2) Spend Time with Your Relatives: Holidays are meant to be shared with the people you love. If you’ve already planned to meet with your family this holiday season, good on you. If not, why not go and visit them, or give them a call if you are currently far away. I’m sure they will appreciate knowing that you were thinking of them, and it’ll be the perfect chance for you to reconnect. Enjoy the family togetherness, as well as the chance to celebrate the holidays with the ones you love (even if you are only talking together).
3) Play Outside (in the Snow): Being able to go outside and play is a wonderful way to celebrate the season, and if you happen to live in a snowy area, the fun of snowballs, snowmen, and snow angels could be just outside your front door. If you live outside the snow belt (or in the Southern Hemisphere), you might have to be a bit more creative in your outdoor play (although, since you could go to the beach, you’re not going to get much sympathy from me).

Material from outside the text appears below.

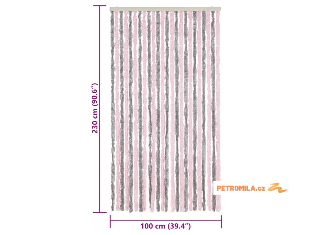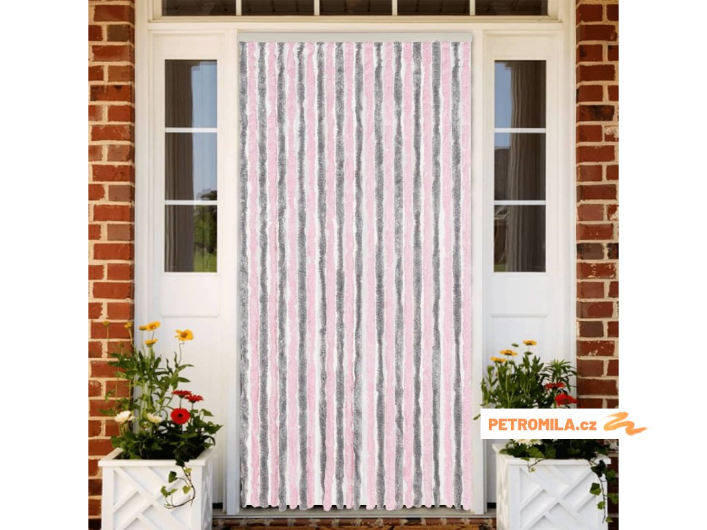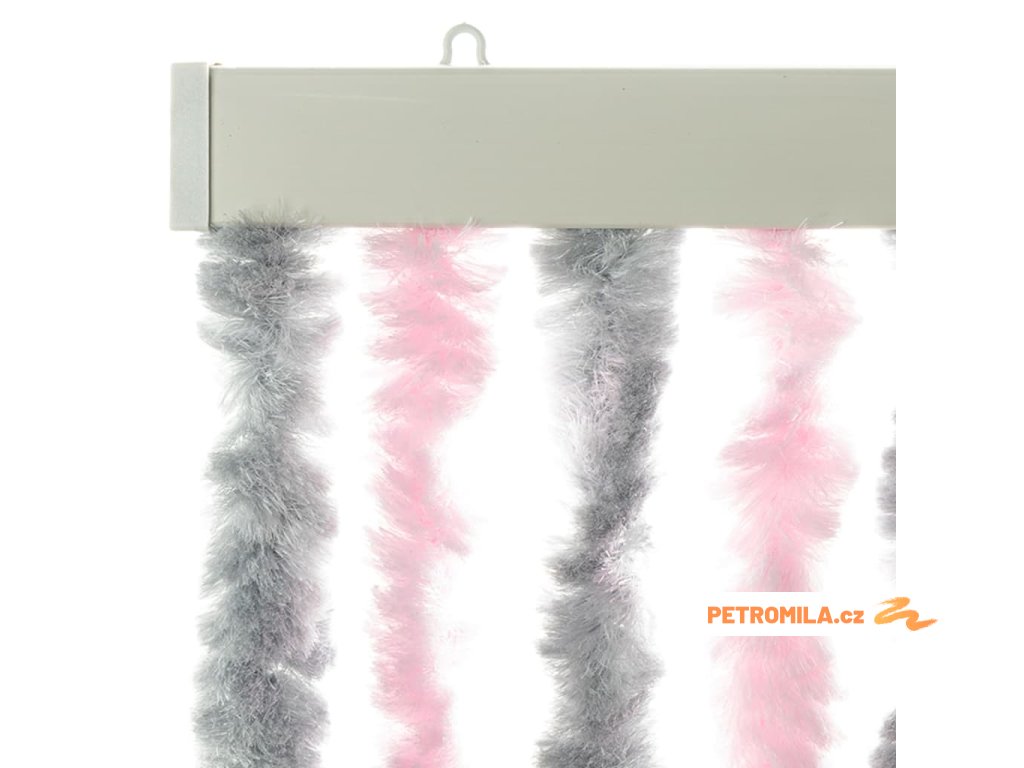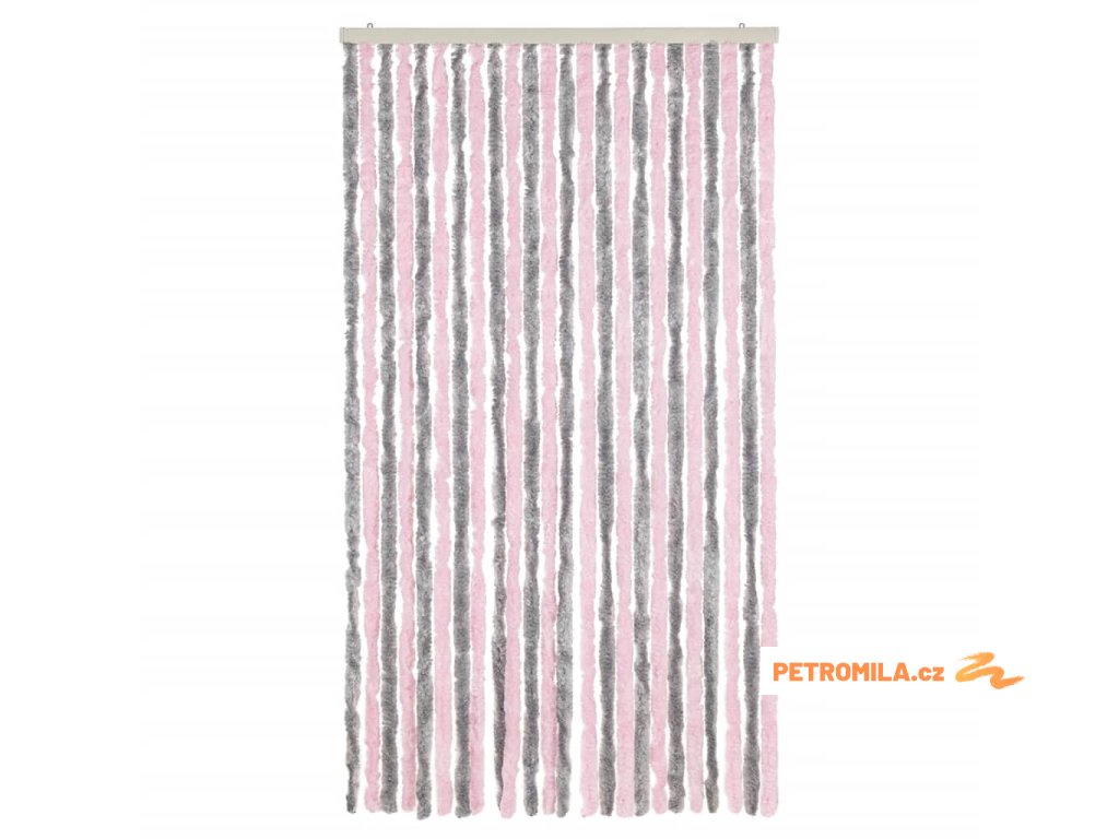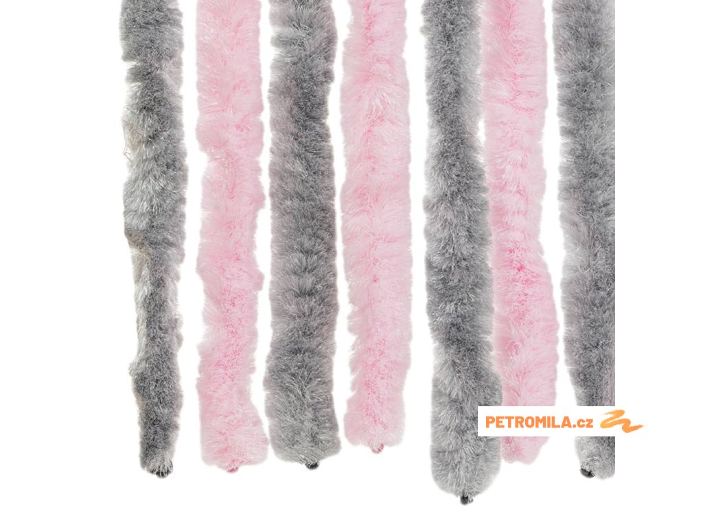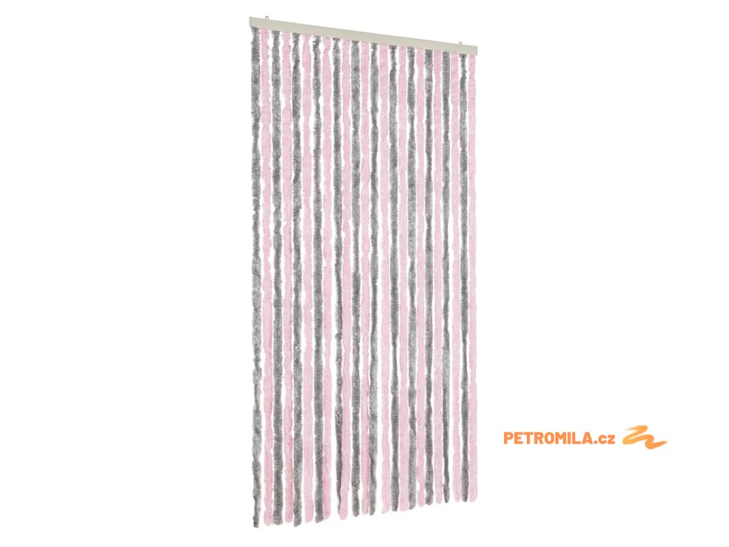 Závěs proti hmyzu stříbrošedý a růžový 100 x 230 cm žinylka

4) Watch a Christmas Movie Together: There’s nothing more relaxing than gathering as a family and watching all the Christmas classics you have in your collection (or that will be filling the air waves). A Christmas Story, Rudolph, Frosty, How the Grinch Stole Christmas (the animated classic, not the live-action one, for a really fun time), It’s a Wonderful Life, and any of the many, many versions of A Christmas Carol. (My sisters and I have turned The Muppet Christmas Carol into an annual tradition.) There are plenty of good movies to help you get in the Christmas spirit.
5) Play a Game with Your Loved Ones: A great way to break in your new board games is to open them up and play them while all the family is gathered around. Just try to avoid getting too competitive (no need to start any family feuds over Monopoly) and you can have an excellent time enjoying each other’s company over a fun board game.

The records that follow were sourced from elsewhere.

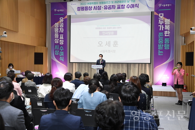 [영등포신문=이천용 기자] 오세훈 서울시장은 9월 1일 오전 서울시청 3층 대회의실에서 ‘2022 서울시 성평등주간(9.1.~7.) 및 여권통문의 날’을 기념하는 시상식을 열고, 수상자들에게 상패와 표창장을 수여했다.
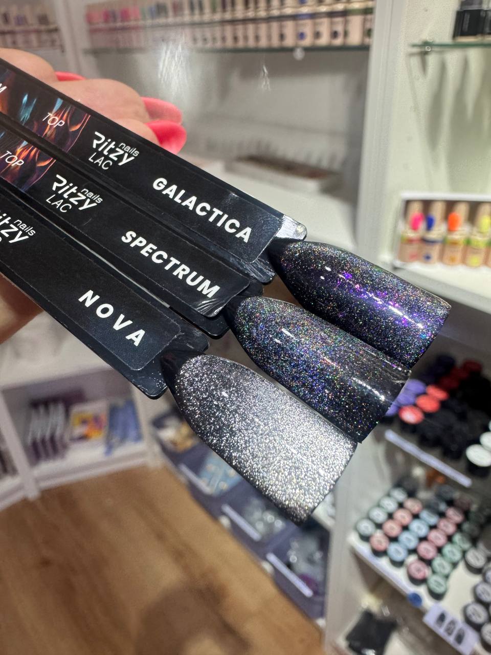 Επαγγελματικό top gel με μείγμα από holographic shimmer και μικρο-foil aurora pieces. Μπορεί να χρησιμοποιηθεί είτε ως απλό top coat για εντυπωσιακή λάμψη, είτε σε συνδυασμό με μαγνήτη για τη δημιουργία cat-eye εφέ και μοναδικών οπτικών σχεδίων. Σχεδιασμένο για μεγάλη διάρκεια, εκθαμβωτική λάμψη και αντοχή.
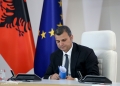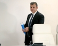 Governor of the Bank of Albania, Gent Sejko entering a press conference. Sejko stated that the financial markets have been calm and the monetary policy followed by BA has had a positive impact
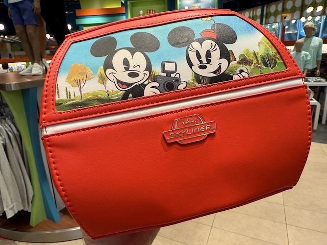 Loungefly bags are popping up across Walt Disney World and the rest of the Disney Parks, so why would the Disney Skyliner be left out?! This bag is shaped like a Skyliner vehicle, opening at the top and featuring art of various vehicles and colors aboard the line. Fans can pick this one up for $75.00.

6) Bake Something: Cooking for Christmas is a wonderful idea, almost as much fun is eating what you cook. Make a nice batch of Christmas cookies, a scrumptious Christmas ham, or maybe even some roast beast (another little How the Grinch Stole Christmas reference). Just be sure that you have plenty to share with your family and friends; you don’t want to leave anyone without enough food.
7) Read a Christmas Story to Your Children: Probably my favorite thing to do in order to get in the holiday spirit, reading a nice Christmas story (particularly to a young child in your life) is a great way to celebrate and help to enrich the life of a child. Choosing a good Christmas story (and there should be any number to choose from), get nice and cozy, and start the reading process.
There you are, several suggestions for how to have a wonderful, inexpensive Christmas celebration. Happy Holidays everyone!